Creative Journal Writing
Journal Writing Ideas with a Multiple Intelligence Approach
Creative journal writing using a multiple intelligence approach
helps all students express their thoughts while practicing writing skills, including punctuation and sentence structure. As kids address journal writing prompts
through the ways they learn best, they engage deeply in content area lessons, as well as develop fluency as writers.

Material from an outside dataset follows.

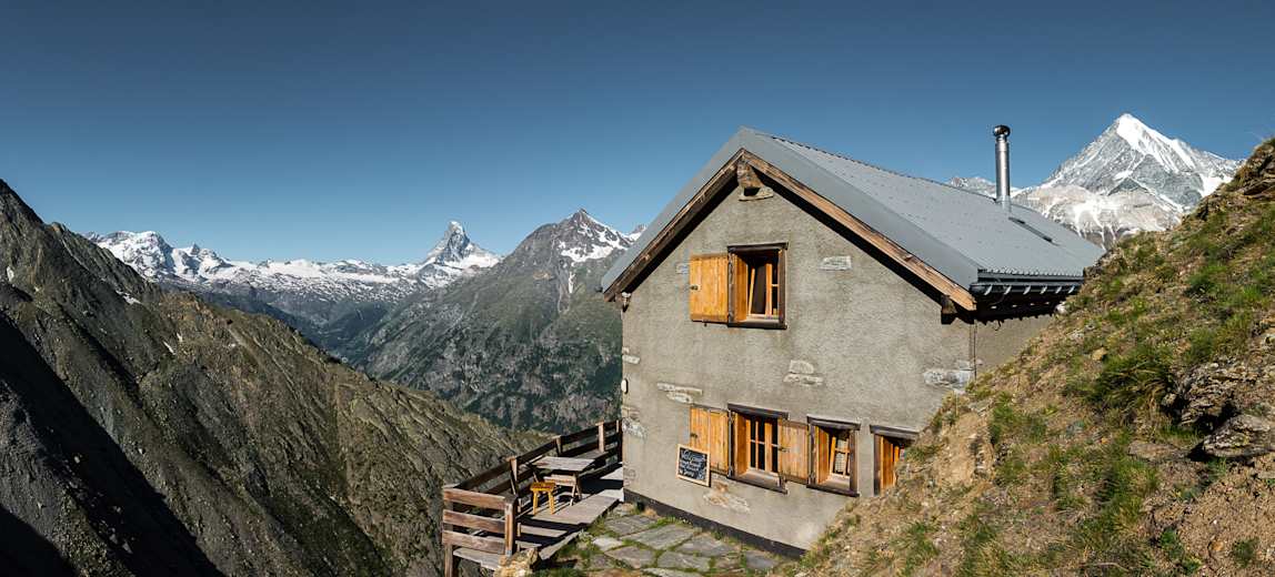 Die nächstgelegenen Hütten sind die Bordierhütte (2.886 m), die Domhütte (2.940 m) und die Täschhütte (2.701 m).

Fortunes need not be spent on materials for creative journal writing. With only pencils, lined paper, markers, and construction paper, students can create decorative, attractive, illustrated journals, tied to any subject, any multiple intelligence lesson plan
. Let's take a look at how creative journal writing ideas can be connected to the nine multiple intelligence areas
- Verbal-Linguistic: writing and reading entries aloud
- Spatial: illustrations of entries
- Bodily-Kinesthetic: dramatizing a journal entry
- Logical-Mathematical: discuss the solutions to math problems
- Interpersonal: co-author journals with a partner
- Intrapersonal: personal response journals
- Musical: discussion of song lyrics
- Naturalist: document and discuss weather or environmental changes
- Existential: personal responses to character education writing prompts
Now that we've established how creative journal writing supports all the ways of being "smart", let's look at different types of journals for creative writing activities
- Personal journals: reflection upon one's own experiences and emotions
- Interactive journals: a "conversation journal" between student and teacher
- Response journals: responses to literature selections, characters, and plot
- Dialectic journals: double-sided entry journals in which students document events, then respond to them
- Point-of-view journals: written from the persona of fictional or historical characters
- Science journals: document observations, illustrate them, and discuss outcomes
- Math journals: written explanations of mathematical solutions to puzzles or problems
- Art journals: a visual diary of the day's events with written descriptions
- Music journals: collect lyrics and write personal responses, with illustrations
- Nature journals: identify patterns viewed outside in the natural world
- Weather journals: detailed weather logs, with predictions and pictures
As students practice writing across the curriculum
, you will notice natural improvement. You can tailor future writing instruction to your students' needs, as you observe the following:
- Did the student write about the given topic?
- Did the student express himself/herself clearly?
- Did the student show an understanding of the subject?
Celebrate the ways your students learn best through creative journal writing! You'll find yourself choosing a favorite journal style, too!